▸ **Your assignment**: In the data below, the answer is the run of lines from the line containing "黄色的荷叶边雪纺上衣清新感十" through the line containing "El año pasado", both included; print it exactly and nothing else.

▸ **Data for this task**:
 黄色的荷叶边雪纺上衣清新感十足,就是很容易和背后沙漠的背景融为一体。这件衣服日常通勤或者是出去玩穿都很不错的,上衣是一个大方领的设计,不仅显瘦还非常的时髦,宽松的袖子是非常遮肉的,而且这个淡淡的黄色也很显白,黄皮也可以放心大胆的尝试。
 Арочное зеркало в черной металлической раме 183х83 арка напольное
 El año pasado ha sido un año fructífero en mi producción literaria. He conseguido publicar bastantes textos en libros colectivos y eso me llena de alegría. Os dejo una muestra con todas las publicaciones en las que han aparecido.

* * *

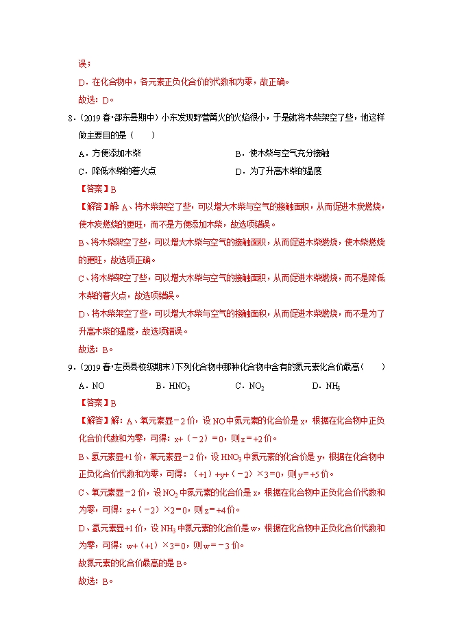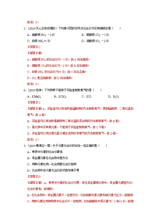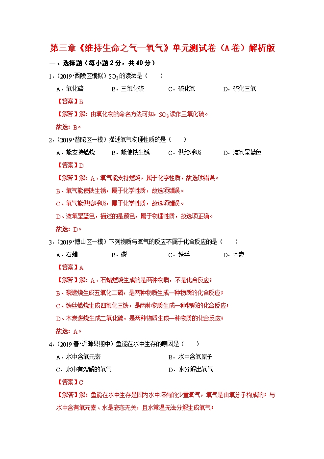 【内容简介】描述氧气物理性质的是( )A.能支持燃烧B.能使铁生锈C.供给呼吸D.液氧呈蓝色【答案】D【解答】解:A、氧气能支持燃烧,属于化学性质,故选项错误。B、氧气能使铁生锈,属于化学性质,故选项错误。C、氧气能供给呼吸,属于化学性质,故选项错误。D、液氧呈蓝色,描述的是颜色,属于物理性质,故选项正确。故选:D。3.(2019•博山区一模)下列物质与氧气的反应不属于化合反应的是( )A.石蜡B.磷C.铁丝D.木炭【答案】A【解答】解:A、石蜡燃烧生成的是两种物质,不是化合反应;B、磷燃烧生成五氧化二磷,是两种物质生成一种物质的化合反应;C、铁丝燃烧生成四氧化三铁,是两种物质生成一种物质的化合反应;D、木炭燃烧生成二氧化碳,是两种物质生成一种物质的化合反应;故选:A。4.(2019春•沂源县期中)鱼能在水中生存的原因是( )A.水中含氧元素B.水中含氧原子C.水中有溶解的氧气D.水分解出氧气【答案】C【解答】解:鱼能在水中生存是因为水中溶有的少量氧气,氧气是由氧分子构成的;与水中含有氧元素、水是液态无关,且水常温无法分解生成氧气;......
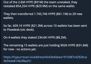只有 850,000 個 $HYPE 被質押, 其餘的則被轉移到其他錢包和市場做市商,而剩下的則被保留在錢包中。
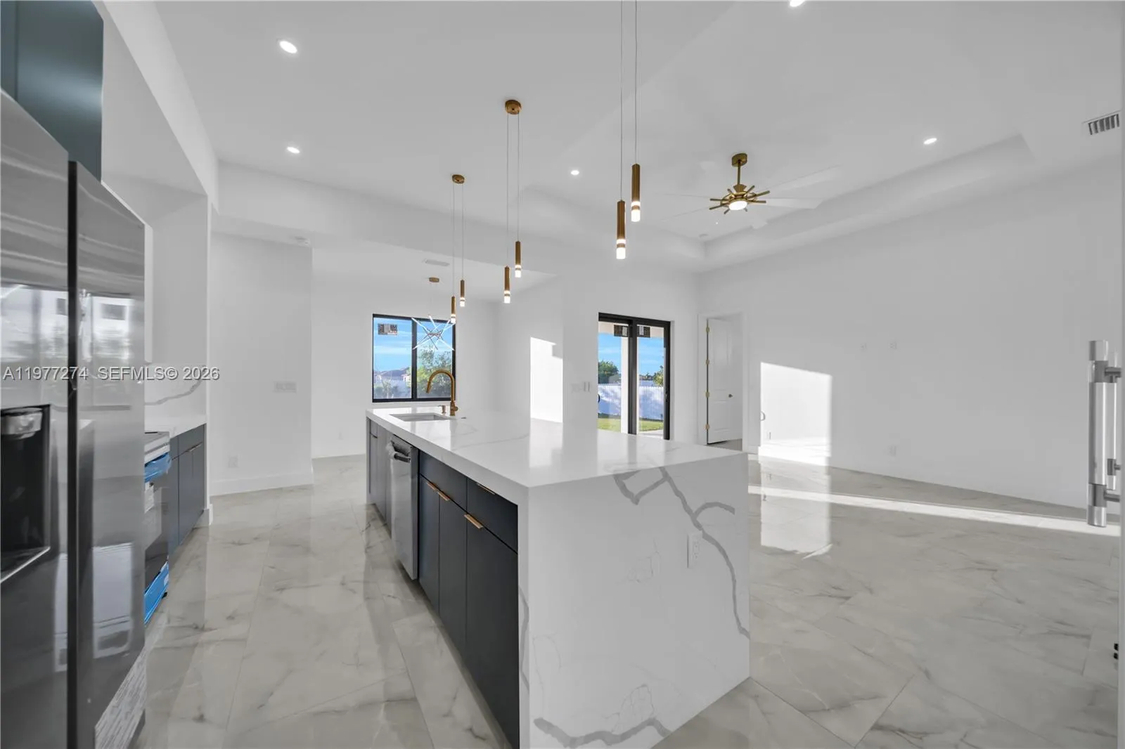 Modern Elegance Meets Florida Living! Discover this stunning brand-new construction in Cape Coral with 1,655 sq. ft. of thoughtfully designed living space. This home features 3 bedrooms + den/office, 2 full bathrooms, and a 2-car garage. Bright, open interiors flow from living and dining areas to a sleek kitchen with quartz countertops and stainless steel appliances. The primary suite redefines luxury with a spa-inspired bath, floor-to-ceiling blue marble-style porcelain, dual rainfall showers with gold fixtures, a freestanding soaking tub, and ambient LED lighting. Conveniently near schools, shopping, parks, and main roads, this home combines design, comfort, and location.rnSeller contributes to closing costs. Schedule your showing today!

▸ **Written solution**:
 黄色的荷叶边雪纺上衣清新感十足,就是很容易和背后沙漠的背景融为一体。这件衣服日常通勤或者是出去玩穿都很不错的,上衣是一个大方领的设计,不仅显瘦还非常的时髦,宽松的袖子是非常遮肉的,而且这个淡淡的黄色也很显白,黄皮也可以放心大胆的尝试。
 Арочное зеркало в черной металлической раме 183х83 арка напольное
 El año pasado ha sido un año fructífero en mi producción literaria. He conseguido publicar bastantes textos en libros colectivos y eso me llena de alegría. Os dejo una muestra con todas las publicaciones en las que han aparecido.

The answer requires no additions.